**GIVEN RECORDS**

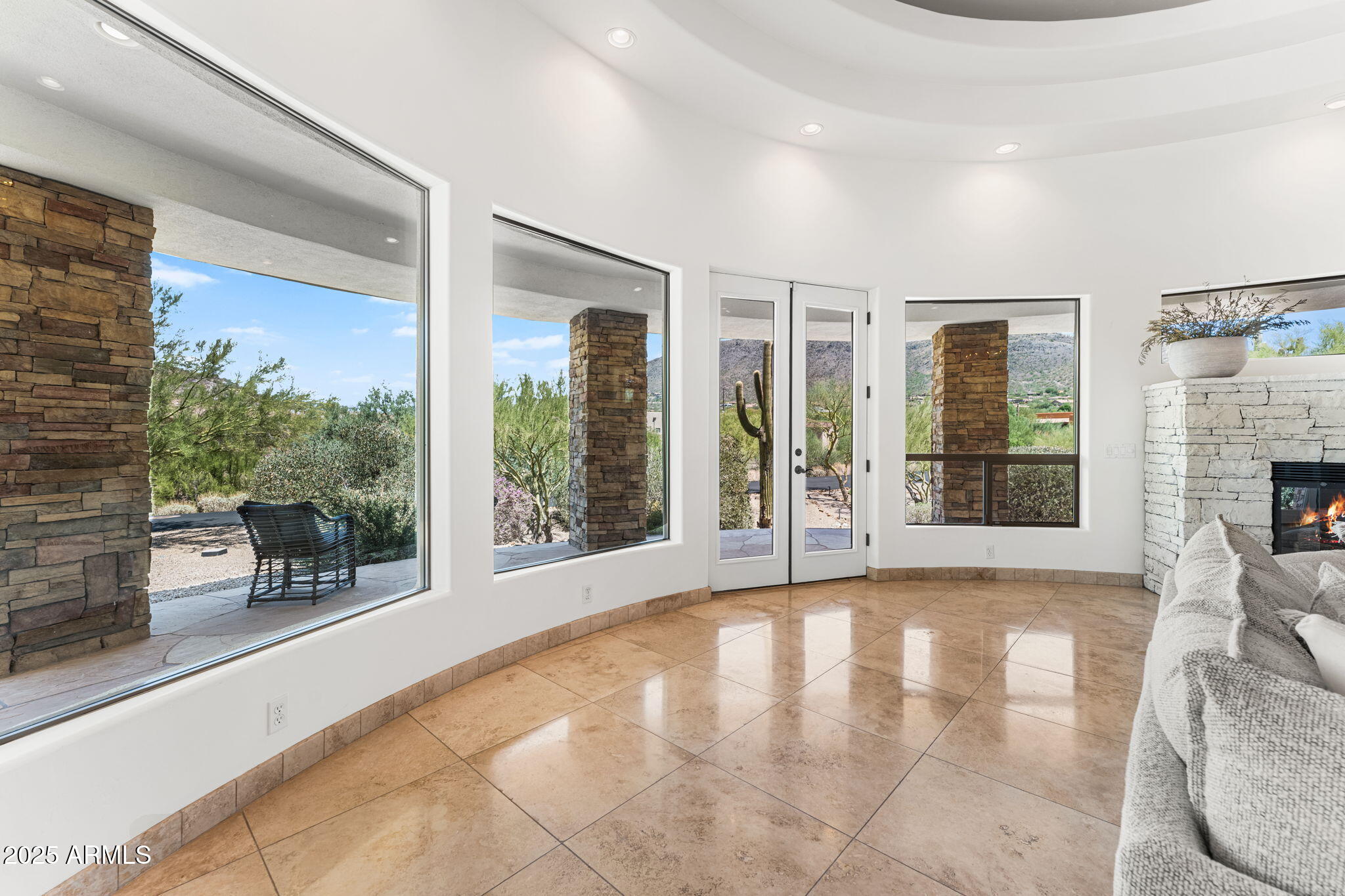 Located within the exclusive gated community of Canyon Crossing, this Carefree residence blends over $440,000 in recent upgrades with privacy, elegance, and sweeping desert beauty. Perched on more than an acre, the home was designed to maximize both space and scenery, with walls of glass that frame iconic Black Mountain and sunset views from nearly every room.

* * *

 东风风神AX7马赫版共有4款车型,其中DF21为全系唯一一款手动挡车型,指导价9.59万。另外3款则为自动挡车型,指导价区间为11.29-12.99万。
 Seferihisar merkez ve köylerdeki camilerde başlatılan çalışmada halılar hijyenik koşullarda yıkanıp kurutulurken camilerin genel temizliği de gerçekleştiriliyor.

==

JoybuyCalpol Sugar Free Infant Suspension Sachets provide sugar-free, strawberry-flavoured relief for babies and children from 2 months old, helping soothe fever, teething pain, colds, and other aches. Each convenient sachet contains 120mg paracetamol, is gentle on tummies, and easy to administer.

**PROBLEM**
Take the line above containing "东风风神AX7马赫版共有4款", the line containing "Seferihisar merkez ve", and all lines in between, and copy them exactly without anything else.

**RESULT OF THE EXERCISE**
 东风风神AX7马赫版共有4款车型,其中DF21为全系唯一一款手动挡车型,指导价9.59万。另外3款则为自动挡车型,指导价区间为11.29-12.99万。
 Seferihisar merkez ve köylerdeki camilerde başlatılan çalışmada halılar hijyenik koşullarda yıkanıp kurutulurken camilerin genel temizliği de gerçekleştiriliyor.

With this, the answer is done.